The exhibition’s title, Room of Mine, suggests that the new works have a highly personal focus, offering a glimpse into the artist’s own studio, and by extension into his own inner world. The exhibition concentrates on only one medium – paper – which Suwage describes as “still the most intimate material” for him. With a series of large-scale watercolors and an extraordinary group of paper mâché sculptural works, he reveals aspects of his studio space – his work table, library, and bedroom – as well as a wide array of images that continue to haunt him, whether taken from the works of renowned Indonesian painters of the past, from contemporary mass media, or from his own earlier work. Appropriation, particularly of his own work, is a central, ongoing strategy for Suwage, a process of recycling and recontextualizing that parallels the cycle of life and death that has been an underlying theme throughout his career, and which is grounded in the spiritual traditions of Java’s ancient Hindu-Buddhist culture. Suwage’s mixed Chinese Javanese heritage, and his experience as a Christian convert to Islam, have informed his approach to cultural pluralism and religious syncretism. His works have often made critiques – sometimes pointed, sometimes veiled – of various forms of intolerance and of the attempt to impose a single rigid, monolithic structure on society, whether by Indonesia’s authoritarian Suharto regime (1966-98) or more recently by the rise of a fundamentalist strain of Islam in Indonesia. Burning fires and the specter of violence recur in many of the works in the exhibition, creating a somber mood that is leavened by humor and an irreverent spirit of self-mockery and irony. Suwage is a master watercolorist, and the works shimmer with vibrant color delineated by boldly assured line drawing, the use of textual components, and startling juxtapositions of images – all hallmarks of his early training in graphic design.

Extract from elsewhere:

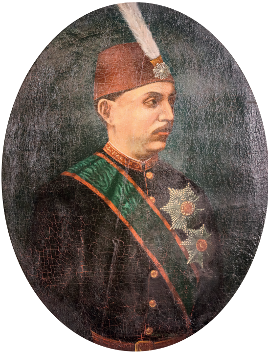
20 İvan Konstantinoviç Ayvazovski, Sultan V. Murad , 1876, tuval üzerine yağlıboya, 72 x 57 cm, Env. No. 121/123

Ermeni asıllı Antranik Efendi, sarayın siparişleri üzerine padişah portreleri resmetmiştir. Sanatçı, Sultan V. Murad, Sultan II. Abdülhamid, Sultan V. Mehmed Reşad, Sultan Vahideddin ve Halife Abdülmecid Efendi'nin portrelerini yapmıştır. Koleksiyondaki imzasız, fildişi padişah portreleri dizisi de Antranik'e atfedilmekte olup 1922 tarihlidir. Feyhaman Duran'ın da 1950-1960 civarına tarihlenen Fatih Sultan Mehmed portresi bulunmaktadır.

Born in 1959 in Central Java, Indonesia, Suwage received his M.F.A. in graphic design from the Faculty of Art and Design at Bandung Institute of Technology in 1986. He has since been featured in almost 200 exhibitions around the world, and his works are included in most comprehensive collections of Southeast Asian contemporary art. He has exhibited in numerous international biennials, including the Asia Pacific Triennial (1996), the Gwangju Biennial (2000), the Singapore Biennial (2006), the Jogja Biennale (2007 and 2013), and Prospect New Orleans (2014-15). In 2009, the Jogja National Museum in Yogyakarta, Indonesia, devoted all three floors of its building to a major retrospective of Suwage’s work, including paintings, drawings, sculptures, and installations. A 670-page monograph, Still Crazy After All These Years, was published in conjunction with this landmark exhibition. Recent museum exhibitions include: Manifesto V: Arus, National Gallery of Indonesia, Jakarta (2016); After Utopia: Revisiting the Ideal in Asian Contemporary Art, Singapore Art Museum (2015); Panorama: Recent Art from Contemporary Asia, Singapore Art Museum, Singapore (2012); Beyond the East, Macro Museum, Rome, Italy (2011); Beyond the Self, National Portrait Gallery, Canberra, Australia (2011). He presented his first solo exhibition in the United States, The End is Just Beginning Is the End, at Tyler Rollins Fine Art in 2011. This was followed in 2012-13 by a three-part series of CYCLE exhibitions shown consecutively in Jakarta, New York, and Berlin. CYCLE No. 2 was presented at Tyler Rollins Fine Art in 2013. In his New York Times review of the exhibition, Holland Cotter wrote: “Topical commentary has always been the foundation of this remarkable artist’s work. He’s a born satirist, which means a born moralist. The range of his subjects, cultural and existential, is broad; his take, vivid and sharp.”